(Beginning of Available records)

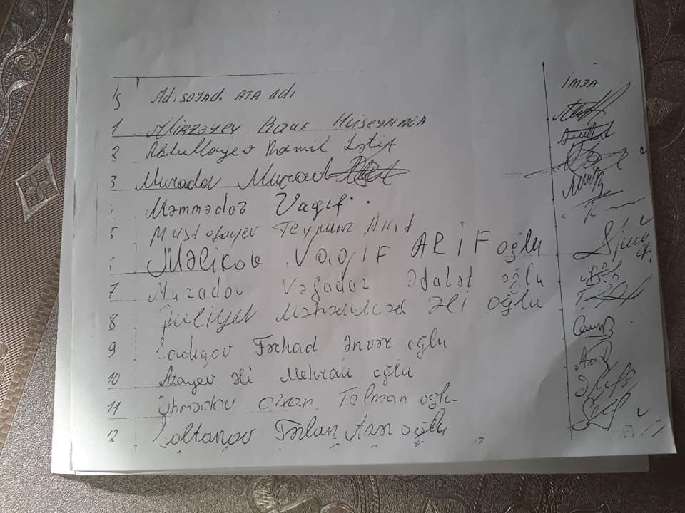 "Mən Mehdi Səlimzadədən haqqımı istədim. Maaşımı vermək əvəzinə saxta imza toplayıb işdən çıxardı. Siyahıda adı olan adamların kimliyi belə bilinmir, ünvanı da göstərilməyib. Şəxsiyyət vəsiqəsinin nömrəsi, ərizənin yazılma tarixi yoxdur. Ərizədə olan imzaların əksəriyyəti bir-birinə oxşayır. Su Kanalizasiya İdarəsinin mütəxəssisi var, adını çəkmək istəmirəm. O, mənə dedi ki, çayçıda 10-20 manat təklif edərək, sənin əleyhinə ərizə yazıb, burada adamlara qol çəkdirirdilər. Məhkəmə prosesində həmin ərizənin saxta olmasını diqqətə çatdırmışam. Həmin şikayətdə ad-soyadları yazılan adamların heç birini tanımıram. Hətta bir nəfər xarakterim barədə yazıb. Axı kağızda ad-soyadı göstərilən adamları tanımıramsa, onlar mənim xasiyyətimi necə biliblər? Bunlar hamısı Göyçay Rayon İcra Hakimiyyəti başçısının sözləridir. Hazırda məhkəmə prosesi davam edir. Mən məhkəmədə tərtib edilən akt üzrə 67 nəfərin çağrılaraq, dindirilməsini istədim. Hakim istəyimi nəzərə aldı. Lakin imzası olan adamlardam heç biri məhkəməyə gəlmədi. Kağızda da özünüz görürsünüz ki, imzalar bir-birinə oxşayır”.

(End of Available records)
(Beginning of Available records)

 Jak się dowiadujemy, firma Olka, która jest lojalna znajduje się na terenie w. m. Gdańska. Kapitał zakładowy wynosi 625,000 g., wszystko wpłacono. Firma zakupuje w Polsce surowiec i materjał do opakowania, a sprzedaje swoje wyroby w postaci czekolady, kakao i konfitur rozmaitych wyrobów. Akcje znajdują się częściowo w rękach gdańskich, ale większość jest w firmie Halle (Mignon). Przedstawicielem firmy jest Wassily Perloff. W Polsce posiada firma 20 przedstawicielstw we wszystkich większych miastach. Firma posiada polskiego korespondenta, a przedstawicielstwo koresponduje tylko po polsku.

(End of Available records)
(Beginning of Available records)

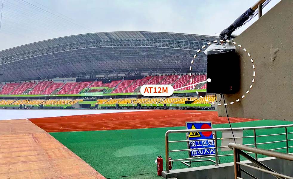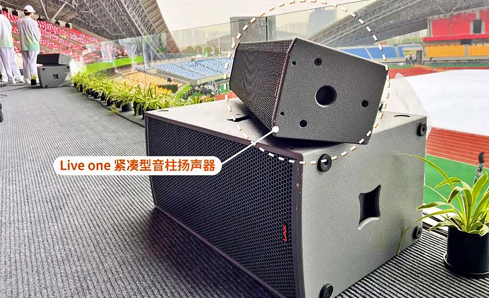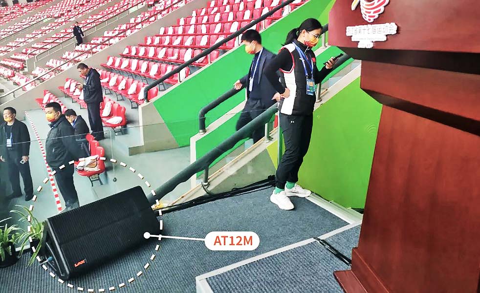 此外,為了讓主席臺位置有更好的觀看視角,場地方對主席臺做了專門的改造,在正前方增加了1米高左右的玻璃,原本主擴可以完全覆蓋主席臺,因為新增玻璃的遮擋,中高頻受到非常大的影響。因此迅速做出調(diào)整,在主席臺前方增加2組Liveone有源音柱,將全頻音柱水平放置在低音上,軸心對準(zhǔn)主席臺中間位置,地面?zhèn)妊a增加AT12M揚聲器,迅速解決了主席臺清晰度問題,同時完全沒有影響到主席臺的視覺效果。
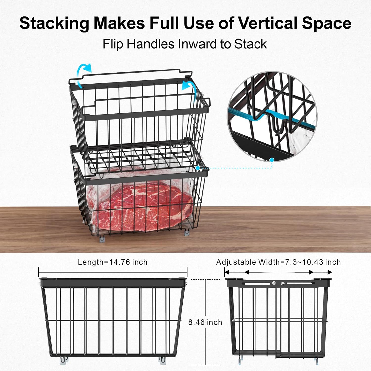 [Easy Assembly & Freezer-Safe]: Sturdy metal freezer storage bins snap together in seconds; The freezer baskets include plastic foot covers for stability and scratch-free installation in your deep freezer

(End of Available records)

• **Aim of the exercise**:
Look above for the line with "此外,為了讓主席臺位置有更好" and the line with "[Easy Assembly &", then restate exactly those two lines and all lines between them, with no pictures.

• **Exercise result**:
 此外,為了讓主席臺位置有更好的觀看視角,場地方對主席臺做了專門的改造,在正前方增加了1米高左右的玻璃,原本主擴可以完全覆蓋主席臺,因為新增玻璃的遮擋,中高頻受到非常大的影響。因此迅速做出調(diào)整,在主席臺前方增加2組Liveone有源音柱,將全頻音柱水平放置在低音上,軸心對準(zhǔn)主席臺中間位置,地面?zhèn)妊a增加AT12M揚聲器,迅速解決了主席臺清晰度問題,同時完全沒有影響到主席臺的視覺效果。
 [Easy Assembly & Freezer-Safe]: Sturdy metal freezer storage bins snap together in seconds; The freezer baskets include plastic foot covers for stability and scratch-free installation in your deep freezer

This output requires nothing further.